Le Cinéma Fantastique au bout des doigts. Cinéma Fantastique vous propose une critique jeune des films les plus vieux au plus récents traitant du fantastique dans sa globalité. Horreur, gore, fantômes ...
Jack grandit entre un père autoritaire et une mère aimante, qui lui donne foi en la vie. La naissance de ses deux frères l'oblige bientôt à partager cet amour inconditionnel, alors qu'il affronte l'individualisme forcené d'un père obsédé par la réussite de ses enfants. Jusqu'au jour où un tragique événement vient troubler cet équilibre précaire...

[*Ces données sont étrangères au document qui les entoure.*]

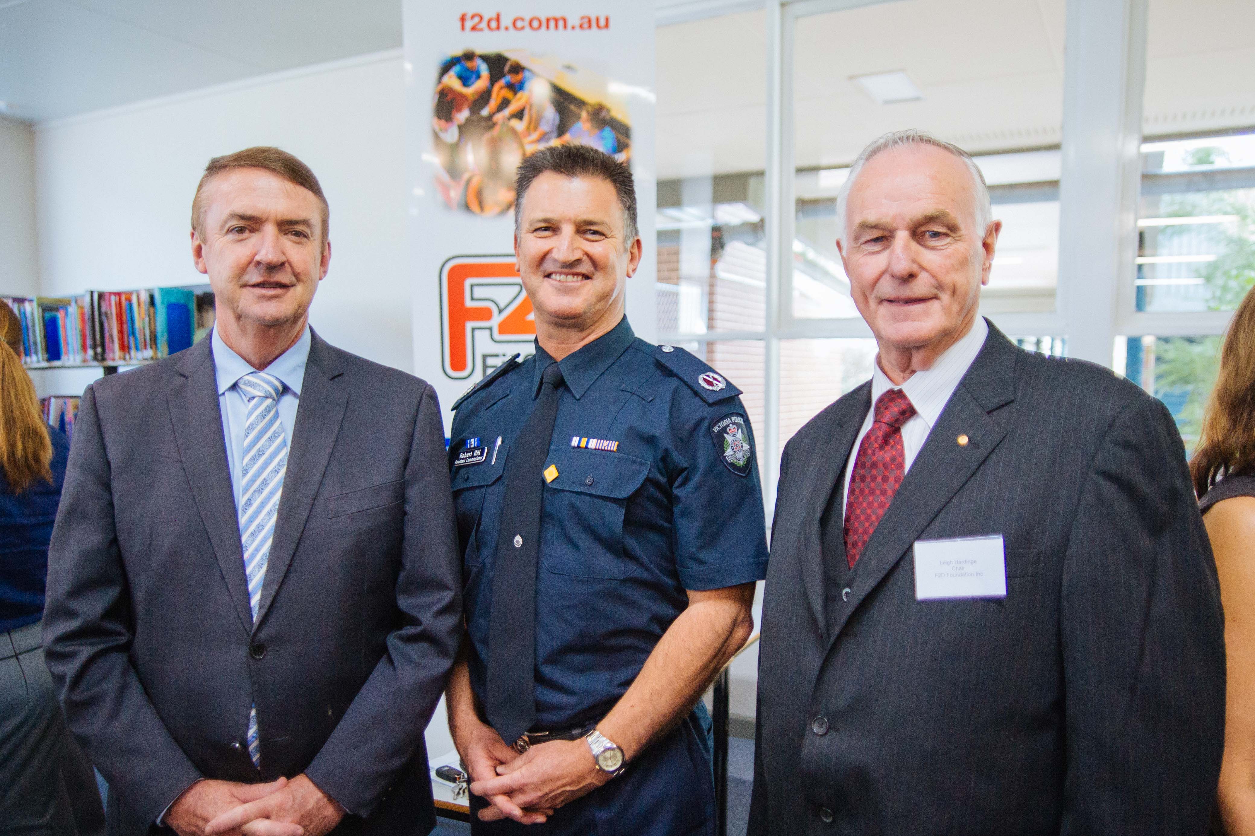 Minister for Roads Terry Mulder, Assistant police commissioner Robert Hill, F2D Foundation Secretary Graham Spencer.

On le sait, The Tree of life est la Palme d’or du dernier Festival de Cannes, mais c’est avant tout le nouveau film de Terrence Malick, cinéaste aussi mystérieux qu’adulé, parfois comparé au grand Kubrick, qui nous a précédemment offert quatre œuvres magnifiques, presque à chaque fois des chefs d’œuvre répondant aux titres de Badlands, Les moissons du ciel, La ligne rouge et Le nouveau monde. C’est dire si The Tree of life, projet que l’homme porte en lui depuis plus de 30 ans, était attendu au tournant. Hélas, le tournant est plus que serré, car on déchante très vite devant cette tentative de grand film sur les origines de la vie sur Terre.
The Tree of life est indéniablement le type de film qui se vit plutôt qu’il ne se décrit. Il y est question d’un trauma au sein d’une famille (la perte d’un enfant) où le père exerce une autorité stricte sur ses enfants ainsi que de l’origine de la vie, le tout sous forme de longue prière adressée au Tout-puissant. Il y a ainsi deux parties entremêlées au sein du film : celle qui revient sur divers évènements vécus par cette famille, avec en son centre le personnage de Jack (joué par Sean Penn dans sa version adulte) et celle, nettement moins passionnante, où le cinéaste accumule des plans contemplatifs sur la Création (images stellaires, lave en fusion, organismes vivants, et même des dinosaures !). Pour peu, on se croirait dans un documentaire de Yann Arthus-Bertrand ! Mais non, on est bien chez Malick. Son goût pour les images contemplatives n’est pas neuf et ici, il semble qu’il ait ici voulu faire son grand film sur les origines de la vie, son 2001, l’Odyssée de l’espace. Mais Malick en fait de trop et se perd dans ces images ostentatoires. On comprend très vite où il veut en venir et pourtant, ça dure encore et encore, les scènes se répètent inlassablement, et le film s’étire jusqu’à n’en plus finir. 2h20 d’un trip mystico-poético-existentiel où la narration passe quasi-exclusivement par voix off, voilà de quoi est fait The tree of life. Alors oui, bien sûr, Malick est un metteur en scène audacieux, ses plans sont magnifiques, les comédiens parfaits et le cinéaste parvient même à décrire très justement certains évènements survenant dans notre vie et qui de manière certaine façonnent notre personnalité. Mais nom de Dieu,
qu’est-ce qu’on s’emmerde !!
The Tree of life est typiquement le genre de film qui divise. Il n’est d’ailleurs pas étonnant de le voir remporter le prix suprême cette année à Cannes, festival qui aime récompenser les œuvres décriées (Pulp fiction ou plus récemment Antichrist). Hormis sa beauté plastique, sa mise en scène envolée et ses interprètes formidables, Malick semble cette fois s’être perdu dans ses images contemplatives. Certains crieront une fois de plus au génie, mais beaucoup resteront circonspect face à cet Arbre de vie aussi gigantesque que difficilement accessible.